Dalam rinciannya, Arief menyebut uang yang diberikan FK ke SD sejumlah Rp 1 miliar untuk penggulingan Kepala BPOM, uang Rp 967 juta diterima SD melalui rekening lain atas nama DK, uang Rp 1,178 miliar ke rekening SD, dan Rp 350 juta secara tunai untuk pengurusan sidang PT AOBI oleh BPOM.
“Penetapan tersangka terhadap SD dilakukan berdasarkan fakta-fakta penyidikan, kecukupan alat bukti, dan hasil gelar perkara pada 24 Juni 2024,” jelas Arief.
“Penyidik telah memeriksa 2 saksi ahli yaitu ahli pidana dan bahasa, 28 saksi yang terdiri dari 17 saksi dari BPOM, swasta 8 saksi, instansi di luar BPOM 3 saksi yaitu KPK dan 2 saksi dari perbankan,” lanjut Arief.
Barang bukti berupa uang Rp 1,3 miliar dan 65 dokumen lainnya sudah disita oleh penyidik.
Sebelumnya, laporan terkait kasus ini diterima Bareskrim Polri dari BPOM sendiri.
“Ya, dari pihak BPOM,” kata Arief saat dihubungi wartawan, Senin (12/8).
Arief menyebut, belum ada tersangka lainnya dalam kasus ini.
“Sampai dengan saat ini baru satu,” jelas dia.

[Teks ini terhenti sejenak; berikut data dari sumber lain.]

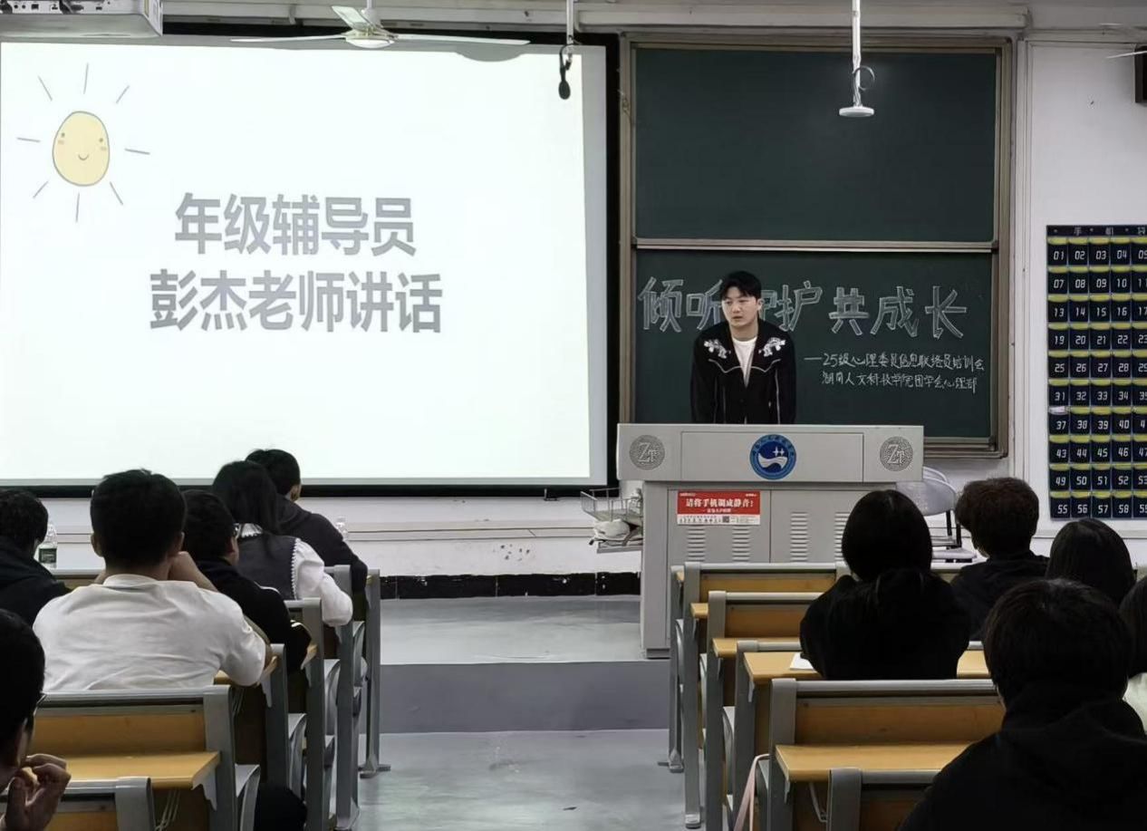 10月30日中午,材料与环境工程学院心理部在致远楼210教室举办了主题为“倾听·守护·共成长”的心理培训会。25级心理委员、信息联络员参会,学院党总支副书记王新辉、心理咨询中心刘嘉颖老师、25级辅导员彭杰老师及心育专干李雷震老师出席会议。会议伊始,志愿者介绍了本次培训的主题与参会嘉宾。随后,李雷震老师围绕大学生常见心理问题展开讲解,明确心理委员的“三重角色”——观察者、支持者与桥梁者,并进一步阐述信息联络员的职责与心理工作四项基本原则。...

BPOM telah melakukan pemeriksaan dan menjatuhkan sanksi atas pelanggaran disiplin terhadap SD. Sanksi tersebut berupa demosi dari jabatan Kepala Besar POM Bandung menjadi Pelaksana Balai Besar POM di Tarakan.
Pasal yang disangkakan terhadap tersangka adalah Pasal 12 huruf (e) dan atau pasal 12 B UU Nomor 31 Tahun 1999 Tentang Pemberantasan Tindak Pidana Korupsi sebagaimana diubah dengan UU Nomor 20 Tahun 2001 tentang perubahan atas UU Nomor 31 Tahun 1999 tentang Pemberantasan Tindak Pidana Korupsi, juncto Pasal 64 Ayat (1) KUHP. (Ink)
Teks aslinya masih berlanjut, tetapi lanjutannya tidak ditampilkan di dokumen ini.